- _Directions for this task_:
Copy every line from the one that holds "Verwenden Sie den" to the end of the records below, exactly and with nothing else, but without any pictures.

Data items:
>>

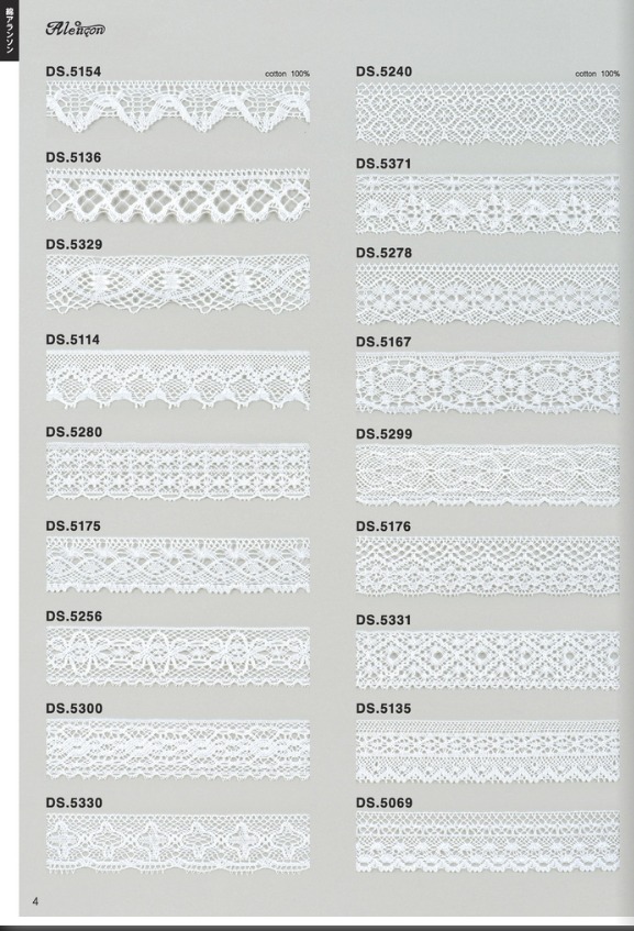 〇綿素材、極細番手糸使用、高品質レースの作成は当店が得意としております。
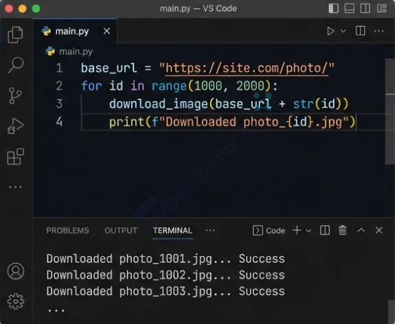 Quan sát thêm vài giây, hacker bắt đầu nhận ra một chi tiết rất quen: ID ảnh tăng đều theo thời gian, ngay ngắn, trật tự và rất… đáng nghi. Từ khoảnh khắc đó, mọi thứ trở nên cực kỳ đơn giản. Chỉ cần một đoạn script ngắn, tăng dần ID, gửi request lặp đi lặp lại, rồi ngồi nhìn ảnh lần lượt tải về.
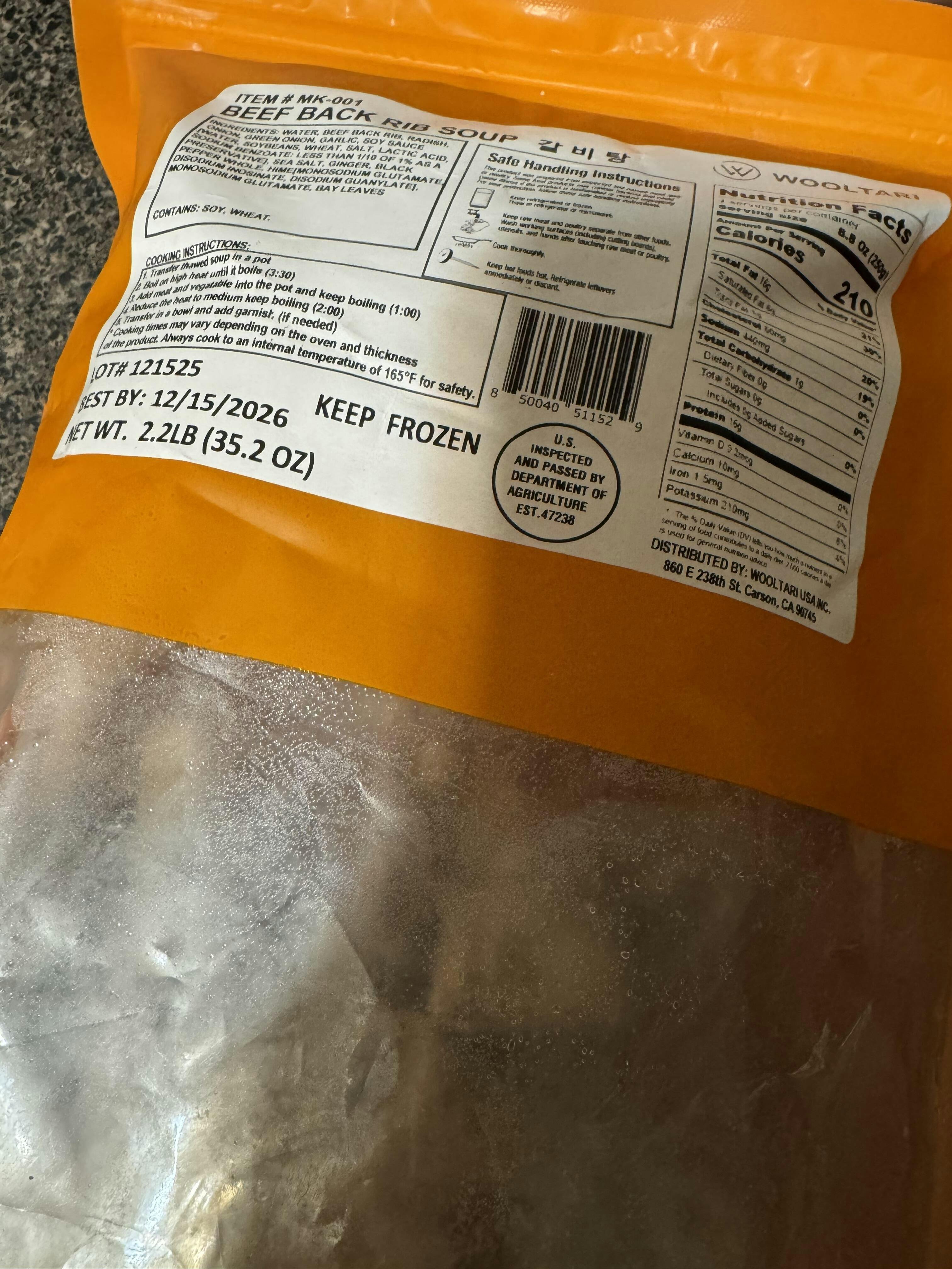 [Wooltari] Fully Cooked Beef Back Rib Soup 2.2lbs
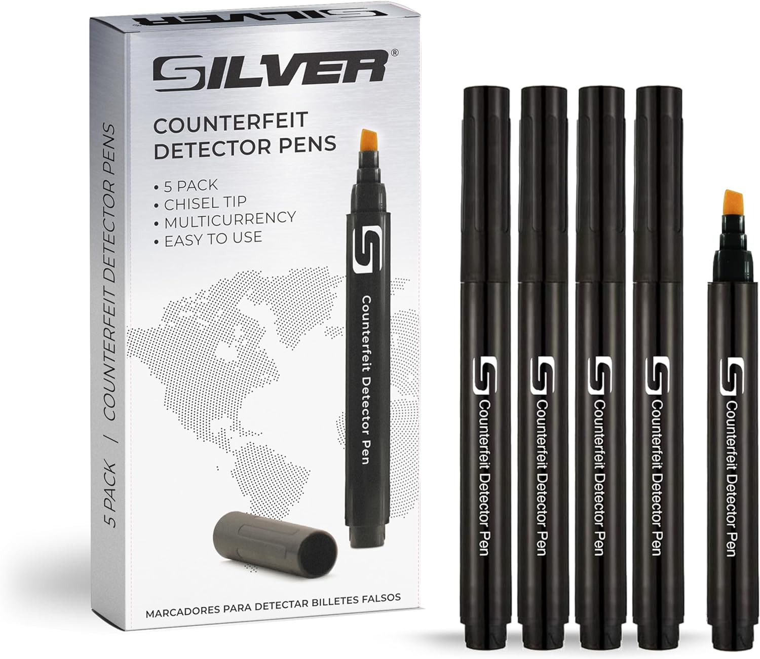 - PACK OF 5: Contains 5 chisel tip Counterfeit Money Detector Pens so that you are always protected. Use the pens at POS Stations, share these with employees, family and friends to protect your bottom line.
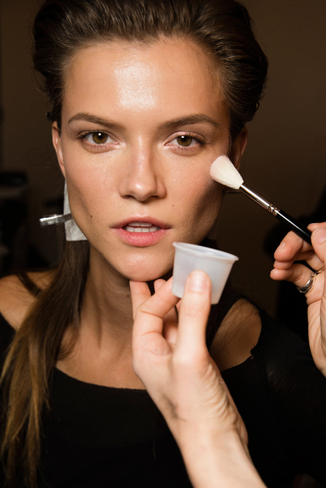 The bold-minded should follow the shows by Rodarte and Tommy Hilfiger. Pat McGrath drew star-shape tattoos all over the models’ bodies for the first one, while James Caliardos went yet further and imitated piercing effect with the help of small silver clamps. As a matter of fact to show you fashion protest in real life the only thing you need is a black kajal. Pencil your upper and lower eyelids heavily, soft the lines in an offhand manner and go for it – dancing in leather pants to Mick Jagger hits. It was his daughter Georgia May Jagger who opened the Tommy Hilfiger performance.
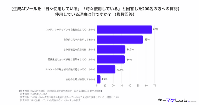 Web広告運用・制作の現場で「生成AIツール」を使用していると回答した人は40%。使用する理由は「コンテンツやデザインを自動生成してくれるから」が67%で最多。
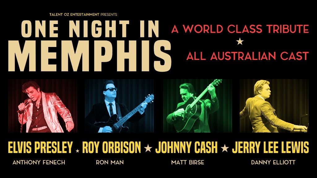 “One Night in Memphis” is the show that brings together 4 of the world’s greatest and most popular performers Elvis Presley, Jerry Lee Lewis and Johnny Cash showcasing the greatest Rock n Roll songs of the early years of the 1950s & 1960s. 2026 Also marks the 70th Anniversary of The Million Dollar Quartet getting together for an impromptu performance at Sun Studios so a special tribute will be featured in the show It has toured all over Australia to sell out performances over the last 3 years It features Four of Australia’s and Internationally renowned tribute artists together with a full 6 piece live band bringing to you over 2 hours of hit after hit from the early Memphis and Sun Records years through to some of their personal biggest songs including Elvis’s 68 comeback and early Vegas 70s.
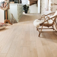 Sober and timeless, this wood floor is a sure investment. Its wide planks bring a beautiful modern look, while its Saphir colour adds a trendy bleached and matt effect. When touched, it emanates an unparalleled softness that is perfect for any room. As for its design, it combines shades of grey, awakened by touches of yellow.
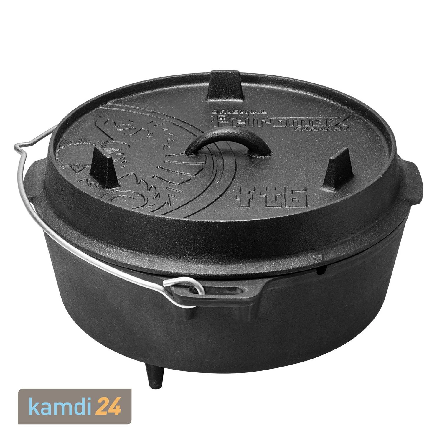 Verwenden Sie den bei Ausflügen oder im Garten entweder auf oder über dem Lagerfeuer. Wenn Sie glühende Kohlen sowohl unter dem Topf als auch auf dem Deckel platzieren, erreichen Sie eine intensive Rundumwärme, die Fleisch besonders saftig und zart werden lässt, aber auch Eintöpfe und Schmorgerichte auf einzigartige Weise gart.
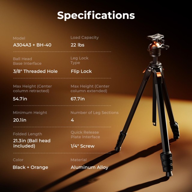 | Tripod Load capacity | 10kg |
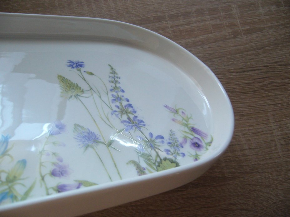 Porcelanowy półmisek owalny z motywem kwiatowym.Wymiary : 30 cm x 15,5 cm.Można myć w zmywarce.Marka Villa Italia.Stan nowy bez pudełka.
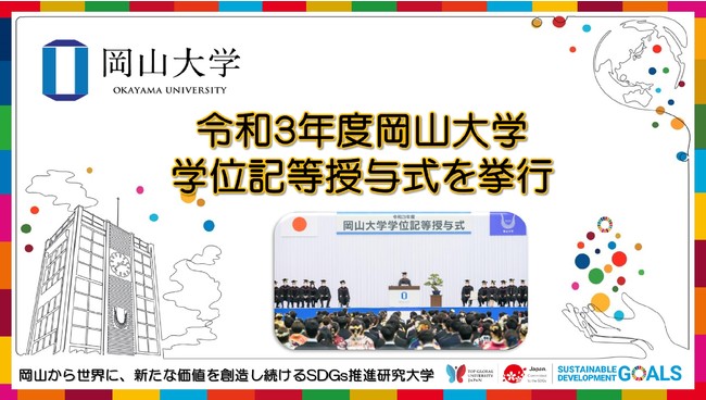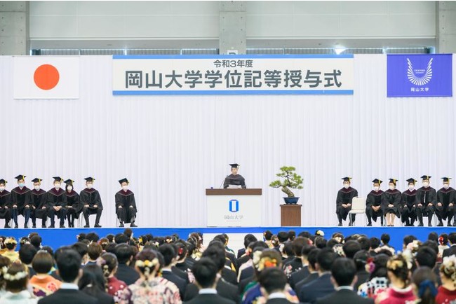 国立大学法人岡山大学(本部:岡山市北区、学長:槇野博史)は2022年3月25日、令和3年度学位記等授与式を岡山県総合グラウンド体育館(ジップアリーナ岡山)で行い、学部生・大学院生ら計3,162人の門出を祝福しました。
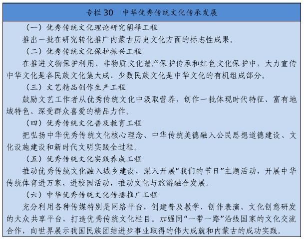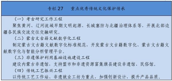 實(shí)施文化遺產(chǎn)系統(tǒng)性保護(hù)工程,強(qiáng)化重要文化和自然遺產(chǎn)、非物質(zhì)文化遺產(chǎn)系統(tǒng)性保護(hù),建立整體保護(hù)、活態(tài)傳承、創(chuàng)新發(fā)展體系。實(shí)施重大文物保護(hù)工程,推進(jìn)長城、黃河國家文化公園和大窯、遼上京、和林格爾土城子等國家考古遺址公園建設(shè)。推動萬里茶道(內(nèi)蒙古段)、遼上京和祖陵遺址、紅山遺址群和陰山巖刻申遺。加強(qiáng)阿爾寨石窟寺等石窟文物保護(hù)。開展“中華文明探源”工程、“考古中國”河套地區(qū)早期聚落遺址考古發(fā)掘研究。建設(shè)內(nèi)蒙古非遺博覽園、內(nèi)蒙古黃河文化博物館、內(nèi)蒙古工業(yè)博物館。加強(qiáng)紀(jì)念館、展覽館、博物館建設(shè)管理。推進(jìn)民族優(yōu)秀傳統(tǒng)手工藝保護(hù)傳承和振興,完善非遺名錄體系。實(shí)施中華傳統(tǒng)節(jié)日振興工程,開展傳統(tǒng)節(jié)日禮儀禮節(jié)教育活動。
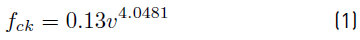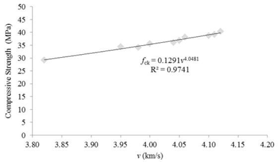 where fck is the compressive strength (MPa), while v is the ultrasonic pulse velocity (km/s).

<<

- _Result for this task_:
 Verwenden Sie den bei Ausflügen oder im Garten entweder auf oder über dem Lagerfeuer. Wenn Sie glühende Kohlen sowohl unter dem Topf als auch auf dem Deckel platzieren, erreichen Sie eine intensive Rundumwärme, die Fleisch besonders saftig und zart werden lässt, aber auch Eintöpfe und Schmorgerichte auf einzigartige Weise gart.
 | Tripod Load capacity | 10kg |
 Porcelanowy półmisek owalny z motywem kwiatowym.Wymiary : 30 cm x 15,5 cm.Można myć w zmywarce.Marka Villa Italia.Stan nowy bez pudełka.
 国立大学法人岡山大学(本部:岡山市北区、学長:槇野博史)は2022年3月25日、令和3年度学位記等授与式を岡山県総合グラウンド体育館(ジップアリーナ岡山)で行い、学部生・大学院生ら計3,162人の門出を祝福しました。
 實(shí)施文化遺產(chǎn)系統(tǒng)性保護(hù)工程,強(qiáng)化重要文化和自然遺產(chǎn)、非物質(zhì)文化遺產(chǎn)系統(tǒng)性保護(hù),建立整體保護(hù)、活態(tài)傳承、創(chuàng)新發(fā)展體系。實(shí)施重大文物保護(hù)工程,推進(jìn)長城、黃河國家文化公園和大窯、遼上京、和林格爾土城子等國家考古遺址公園建設(shè)。推動萬里茶道(內(nèi)蒙古段)、遼上京和祖陵遺址、紅山遺址群和陰山巖刻申遺。加強(qiáng)阿爾寨石窟寺等石窟文物保護(hù)。開展“中華文明探源”工程、“考古中國”河套地區(qū)早期聚落遺址考古發(fā)掘研究。建設(shè)內(nèi)蒙古非遺博覽園、內(nèi)蒙古黃河文化博物館、內(nèi)蒙古工業(yè)博物館。加強(qiáng)紀(jì)念館、展覽館、博物館建設(shè)管理。推進(jìn)民族優(yōu)秀傳統(tǒng)手工藝保護(hù)傳承和振興,完善非遺名錄體系。實(shí)施中華傳統(tǒng)節(jié)日振興工程,開展傳統(tǒng)節(jié)日禮儀禮節(jié)教育活動。
 where fck is the compressive strength (MPa), while v is the ultrasonic pulse velocity (km/s).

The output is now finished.